-- Opening Marker --

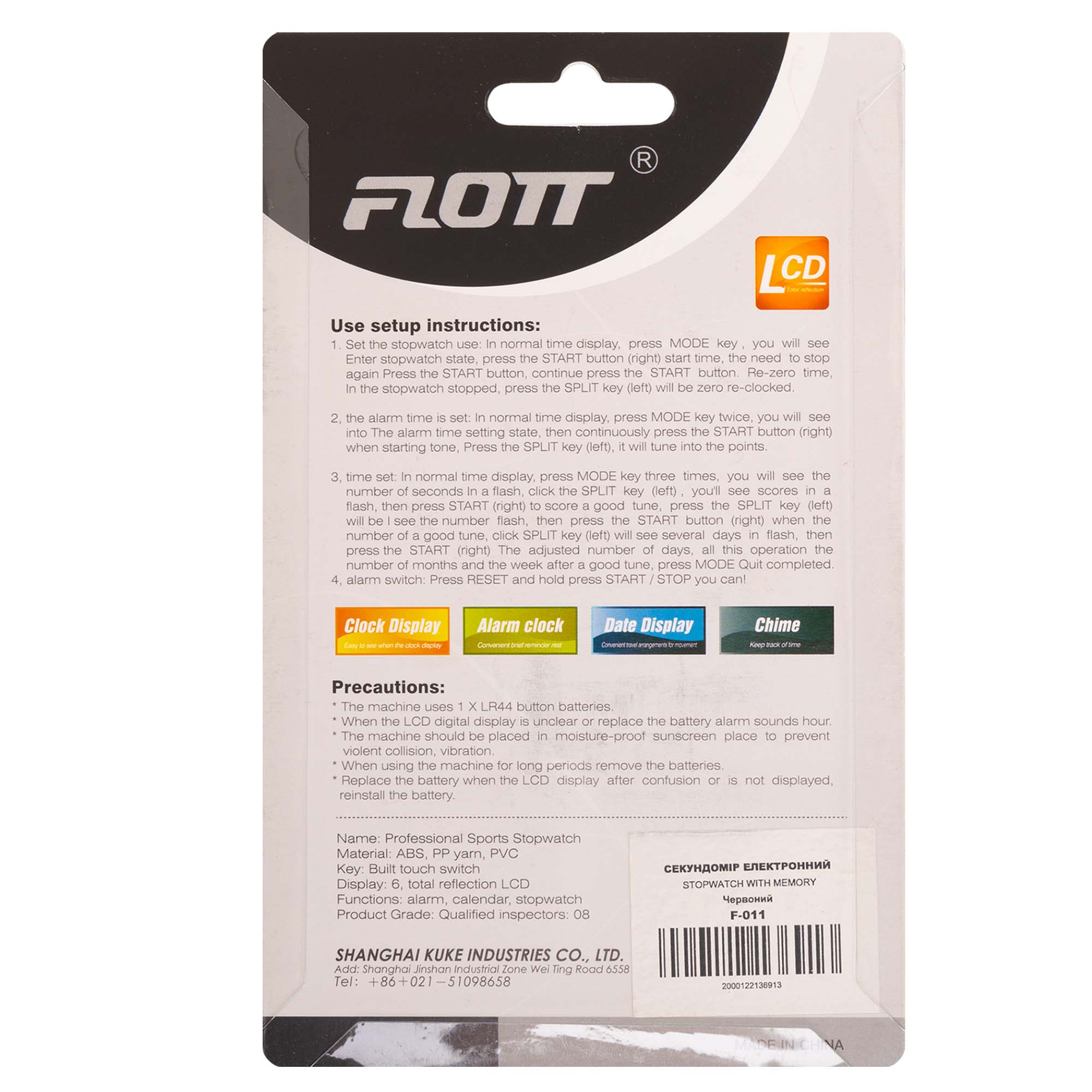 FLOTT — це ім’я, яке давно асоціюється з точністю та надійністю у світі спортивного обладнання. Продукція цієї марки відома своїм якісним виконанням і увагою до деталей, і F-011 не став винятком. Це пристрій, якому можна довірити точний відлік часу.Матеріал: пластик
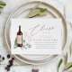 Planning a wine themed or wine tasting couples shower, or hosting the big event at a winery or vineyard? Invite your guests with our elegant wine tasting couples wedding shower invitations, featuring a bottle of burgundy red wine and two wine glasses and adorned with green watercolor eucalyptus leaves and foliage. "Cheers to Love" appears in chic calligraphy script lettering. For a finishing touch, personalise the wine bottle label with the couple's initials. Perfect for wedding showers in wine country, winery or vineyard settings.
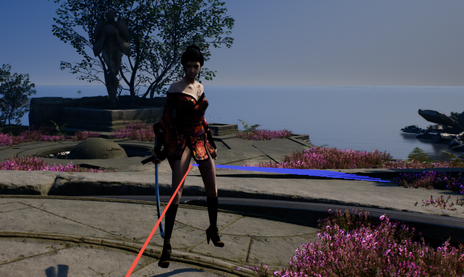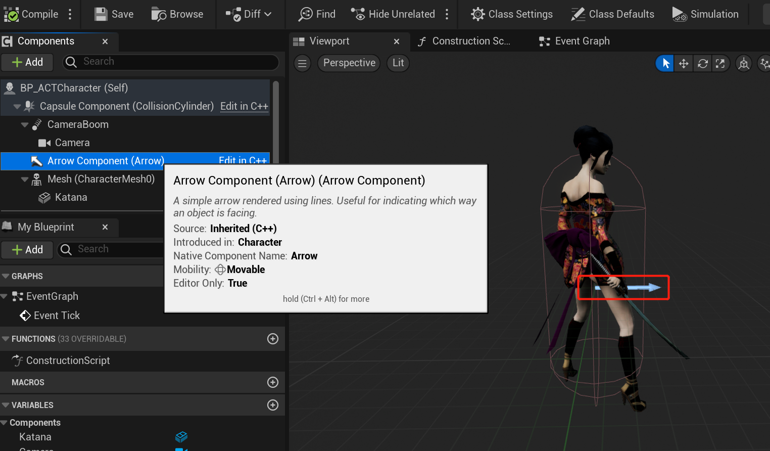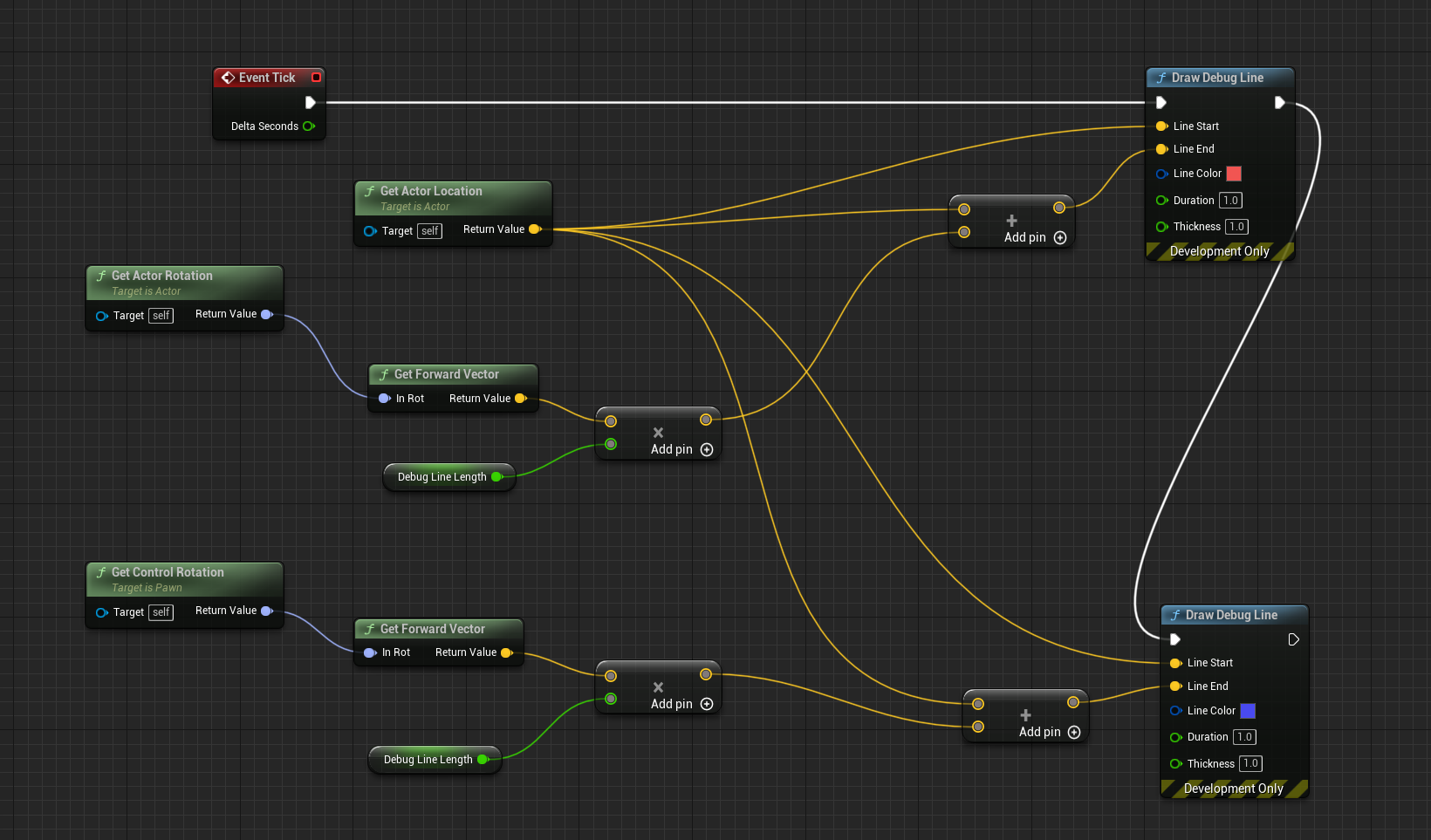 锁定模式下的人物朝向相机运动逻辑也容易理解,ControlRotation不再接受输入,ControlRotation与ActorRotation都固定为人物与锁定目标的连线.
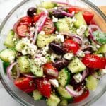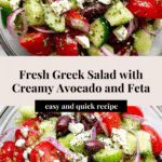 A vibrant and refreshing Greek Salad with creamy avocado and tangy feta cheese, tossed in a flavorful homemade red wine vinaigrette. This easy 20-minute recipe combines fresh cucumbers, tomatoes, kalamata olives, red onions, and herbs, making it a perfect healthy appetizer or side dish for any Mediterranean-inspired meal.
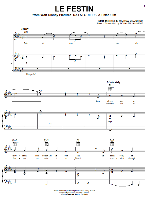 Download or print Camille Le Festin (from Ratatouille) sheet music, chords and digital score arranged for Piano, Vocal & Guitar Chords (Right-Hand Melody). This Children score includes 8 page(s).
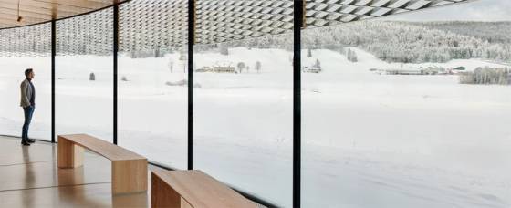 Una suave pendiente le lleva paulatinamente a través de la espiral, cuyo curso fluido está delimitado por generosas ventanas curvas que revelan todo el espacio al tiempo que guían el camino a través de esta estructura luminosa y transparente.

-- Closing Marker --

== EXERCISE INSTRUCTIONS ==
Set down the material above exactly as written, but not the pictures.

== RESPONSE ==
 FLOTT — це ім’я, яке давно асоціюється з точністю та надійністю у світі спортивного обладнання. Продукція цієї марки відома своїм якісним виконанням і увагою до деталей, і F-011 не став винятком. Це пристрій, якому можна довірити точний відлік часу.Матеріал: пластик
 Planning a wine themed or wine tasting couples shower, or hosting the big event at a winery or vineyard? Invite your guests with our elegant wine tasting couples wedding shower invitations, featuring a bottle of burgundy red wine and two wine glasses and adorned with green watercolor eucalyptus leaves and foliage. "Cheers to Love" appears in chic calligraphy script lettering. For a finishing touch, personalise the wine bottle label with the couple's initials. Perfect for wedding showers in wine country, winery or vineyard settings.
 锁定模式下的人物朝向相机运动逻辑也容易理解,ControlRotation不再接受输入,ControlRotation与ActorRotation都固定为人物与锁定目标的连线.
 A vibrant and refreshing Greek Salad with creamy avocado and tangy feta cheese, tossed in a flavorful homemade red wine vinaigrette. This easy 20-minute recipe combines fresh cucumbers, tomatoes, kalamata olives, red onions, and herbs, making it a perfect healthy appetizer or side dish for any Mediterranean-inspired meal.
 Download or print Camille Le Festin (from Ratatouille) sheet music, chords and digital score arranged for Piano, Vocal & Guitar Chords (Right-Hand Melody). This Children score includes 8 page(s).
 Una suave pendiente le lleva paulatinamente a través de la espiral, cuyo curso fluido está delimitado por generosas ventanas curvas que revelan todo el espacio al tiempo que guían el camino a través de esta estructura luminosa y transparente.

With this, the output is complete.